Обернувшись, Андрей увидел профессора, держащего емкость с плавающим в ней, утыканным электродами, мозгом. Сам вид Вольского очень поразил Андрея. Вылепленное тенью лицо профессора, казалось, состояло из одних линий, среди которых светилась пара огоньков глаз. Некогда белоснежный халат усыпали красные пятнышки, а руки сжимавшие емкость будто высохли и сквозь кожу проступили обтянутые венами кости. От заговоривших на своем языке перещелкиваний и перемигиваний приборов, комната словно наэлектризовалась и будто бы уменьшилась в размерах, отчего Андрея начала душить паника.
Профессор обошел гостей и, подступив к манекену быстро, проговорил: – Григорий Александрович, откройте лючок.
Григорий вмиг подскочил к кукле, но только успел схватиться за ручку, как услышал слабый голос писателя: – А может не надо?
Профессор поднял кустистые брови и, сверкнув раздраженным взглядом, произнес: – Что значит не надо?
– Тревожить мертвых, – потерянно произнес Андрей – вдруг мы узнаем что-то ужасное?

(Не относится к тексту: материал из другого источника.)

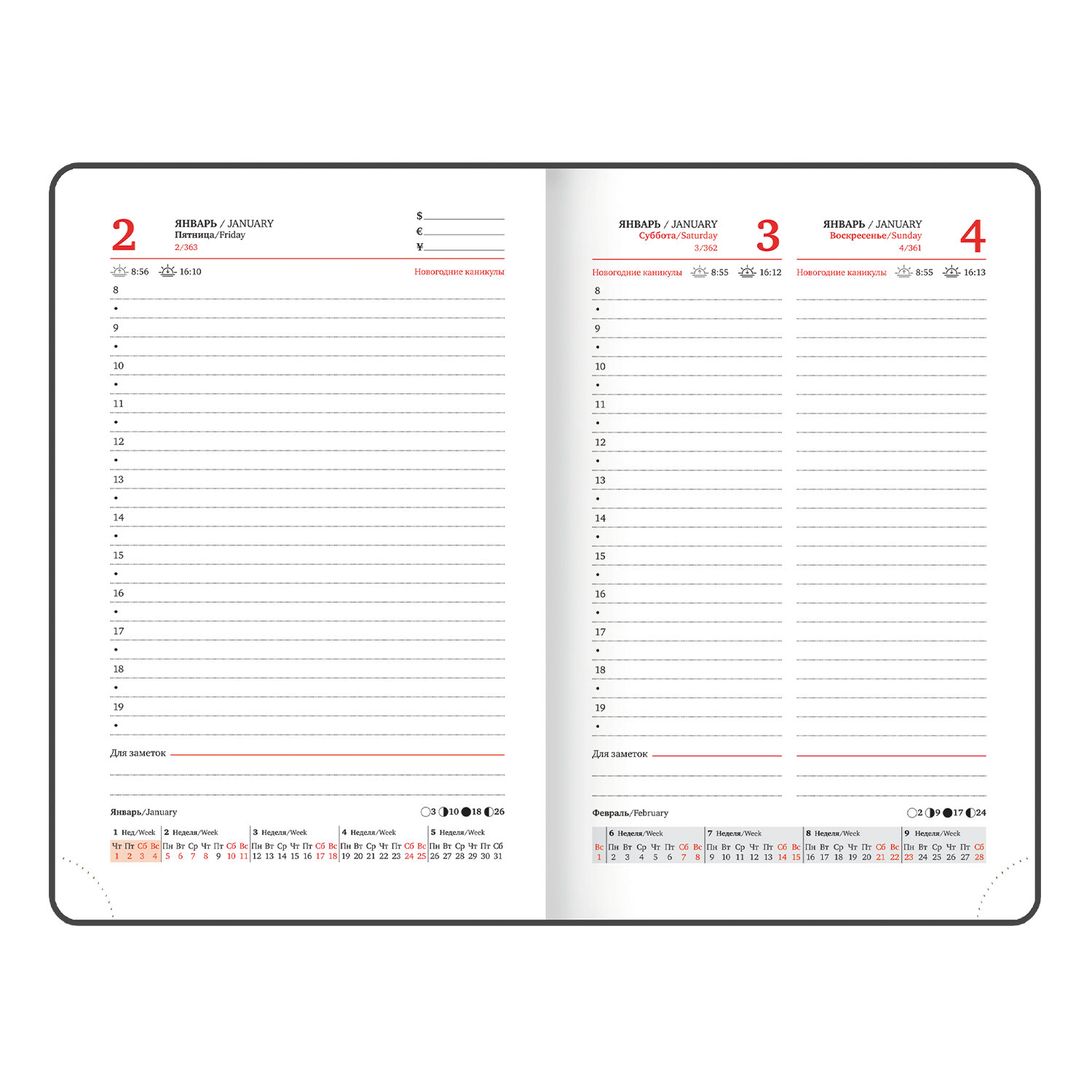 Внутренний блок включает 168 листов белой бумаги плотностью 70 г/м2. Каждая страничка имеет перфорированный угол. Благодаря малому формату А6 (100х150 мм) ежедневник удобно использовать как в офисе, так и на выездных деловых встречах. Твердая обложка черного цвета стилизована под гладкую кожу. Подходит для горячего тиснения. Срез и форзац ежедневника окрашены на контрасте с цветом обложки, что придает ему особый шарм.Дополнением является закладка-ляссе, с помощью которой при необходимости можно быстро открыть ежедневник на нужной странице. Обширный справочный материал расширяет функциональность ежедневника. В конце внутреннего блока есть 4 страницы для записей и заметок.Датированный ежедневник BRAUBERG «Rainbow» идеально подойдет для офисных работников и людей, занимающихся бизнесом, ценящих свое драгоценное время.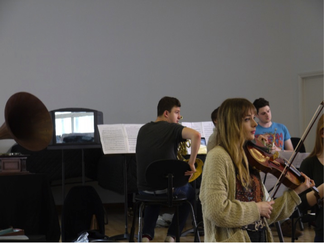 In order to give some context for the musical comparisons that follow, it will be useful to provide a picture of what this project was like for the participants. Preliminary findings from interviews indicate that, in general, the postgraduate and undergraduate students that made up the RCM Chamber Orchestra were very interested in the project. Some knew more than others about acoustic recording and the performance style they would encounter on the Nikisch recording, but they seemed to be aware that this was a unique opportunity. The students worked diligently during the recording sessions, which were clearly hard work – the conditions were hot, cramped and intense, and at times rather boring as they had to do a lot of waiting while the recording technology was prepared and tests were being undertaken.[75] Even though the room was bright and airy, the temperature had to be kept much warmer than was comfortable in order to keep the recording wax warm and malleable, and the musicians had to crowd together to be within range of the recording horn.[76] Despite the difficulties of the situation, the musicians said that they found it a fascinating experience – to record in such intense circumstances and to hear themselves through the medium of acoustic recording was even more interesting than many had expected.[77]

– Что с вами Андрей? – недоуменно произнес Григорий – вы здоровы? Павел Вячеславович, давайте выпустим человека, пусть подышит?
– Раньше дышать надо было, – огрызнулся Вольский – сейчас нельзя открывать дверь, из-за разности заряда жидкость изменит свойство и снова придется отложить эксперимент. Пусть сядет там, в углу, возле вытяжки и не мешает.
– Со мной все хорошо, я постою, – ответил Андрей, чувствуя, как накатившая на него слабость понемногу растворилась.
Профессор хмыкнул и, качнув головой, посмотрел на Григория таким взглядом, будто тот привел к нему своего ребенка и отказывается за ним следить. Григорий, поняв молчаливый упрек, отвел глаза и, щелкнув второй клипсой, открыл небольшую дверцу, прорезанную в груди манекена. Профессор напряженно уставился на углубление в теле куклы, на дне которого лежали выведенные провода.
– Нужно соединить, – с придыханием произнес профессор – Григорий, пожалуйста, вытащи красный провод.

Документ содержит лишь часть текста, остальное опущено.